# Exercise instructions:
Beginning at the line that contains "Rustic country rehearsal", reproduce the entries below exactly, ending with the line that contains "我公司承建的焦作丹河電廠異地". Omit each picture.

┌──

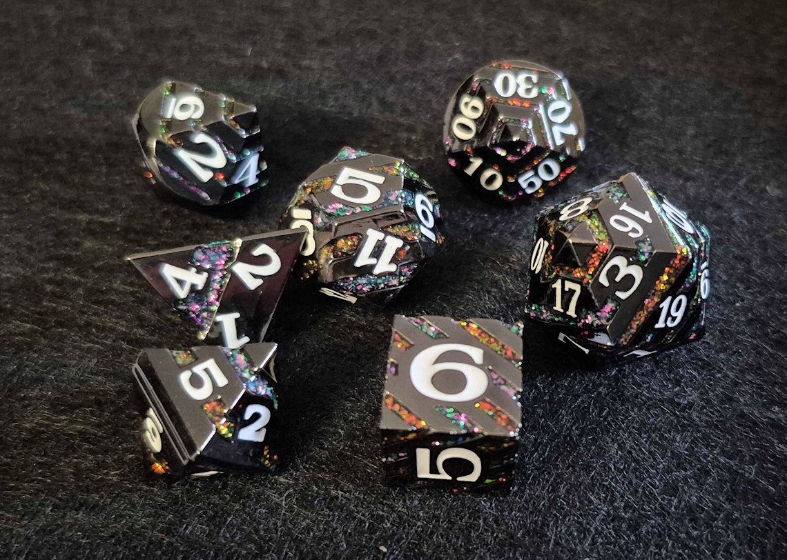 7 Dice Set – Black Metal with Rainbow Stripes ($35)
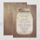 Rustic country rehearsal dinner invitation features vintage mason jar with old fashioned lace and string of lights. Romantic, distressed wood invite for your rustic barn rehearsal dinner.
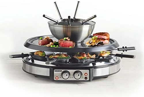 - All Accessories Included for Fondue & Grill- The fondue&grill combo includes one main grill plate for grilling, one fondue bowl for melting cheese or chocolate, 8 colored forks, 8 mini grill pans for keeping warm, 8 wooden spatulas. Providing as much as necessary for a fabulous fondue party. Perfect Gift for weddings, families and food lovers. They love it!
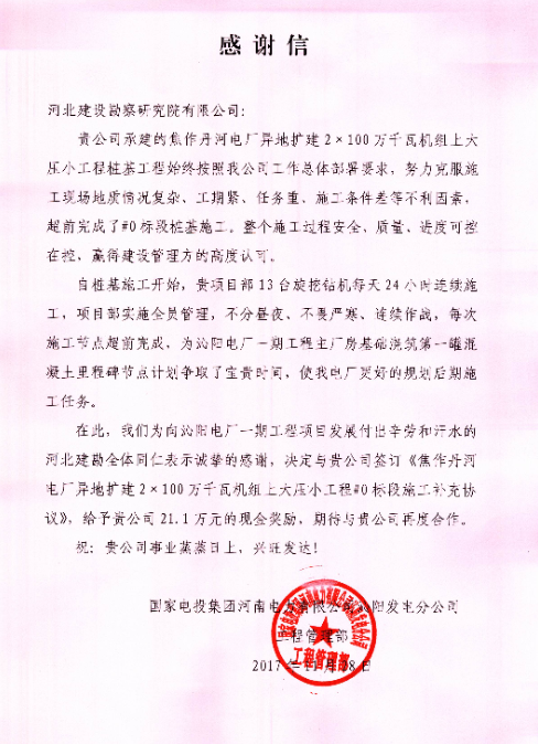 我公司承建的焦作丹河電廠異地擴建2×100萬千瓦機組上大壓小工程樁基工程,始終按照業(yè)主工作總體部署要求,努力克服施工現(xiàn)場地質(zhì)情況復雜、工期緊、任務重、施工條件差等不利因素,超前完成了#0標段樁基施工,整個施工過程安全、質(zhì)量、進度可控在控,贏得了建設管理方的高度認可。11月28日,國家電投集團河南電力有限公司沁陽發(fā)電分公司工程管理部發(fā)來感謝信,對我公司項目部員工表示感謝,并期待與我公司的再度合作。
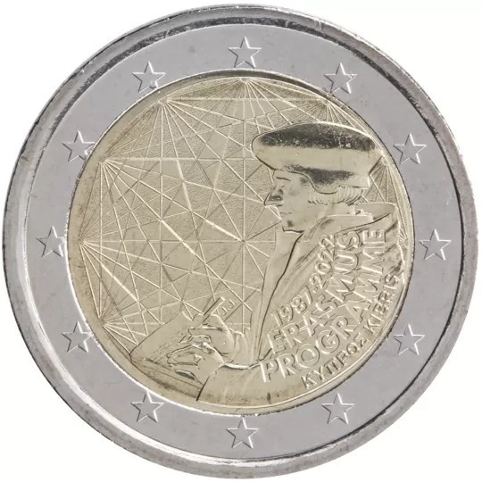 Mix of two major elements of the Erasmus programme: the original intellectual inspiration, Erasmus himself, and the allegory of its influence over Europe. The first one is symbolized by one of the most known depictions of Erasmus. The second one is symbolized by a beam of links going across the coin from a beacon to another, representing the numerous intellectual and human exchanges between the European students. As a reference to Europe, some of these links form other stars, born from the synergy between the countries. The figure 35, for 35th anniversary comes out from the stars in a contemporary graphical style. The coin’s outer ring bears the 12 stars of the European flag.

└──

# The answer:
 Rustic country rehearsal dinner invitation features vintage mason jar with old fashioned lace and string of lights. Romantic, distressed wood invite for your rustic barn rehearsal dinner.
 - All Accessories Included for Fondue & Grill- The fondue&grill combo includes one main grill plate for grilling, one fondue bowl for melting cheese or chocolate, 8 colored forks, 8 mini grill pans for keeping warm, 8 wooden spatulas. Providing as much as necessary for a fabulous fondue party. Perfect Gift for weddings, families and food lovers. They love it!
 我公司承建的焦作丹河電廠異地擴建2×100萬千瓦機組上大壓小工程樁基工程,始終按照業(yè)主工作總體部署要求,努力克服施工現(xiàn)場地質(zhì)情況復雜、工期緊、任務重、施工條件差等不利因素,超前完成了#0標段樁基施工,整個施工過程安全、質(zhì)量、進度可控在控,贏得了建設管理方的高度認可。11月28日,國家電投集團河南電力有限公司沁陽發(fā)電分公司工程管理部發(fā)來感謝信,對我公司項目部員工表示感謝,并期待與我公司的再度合作。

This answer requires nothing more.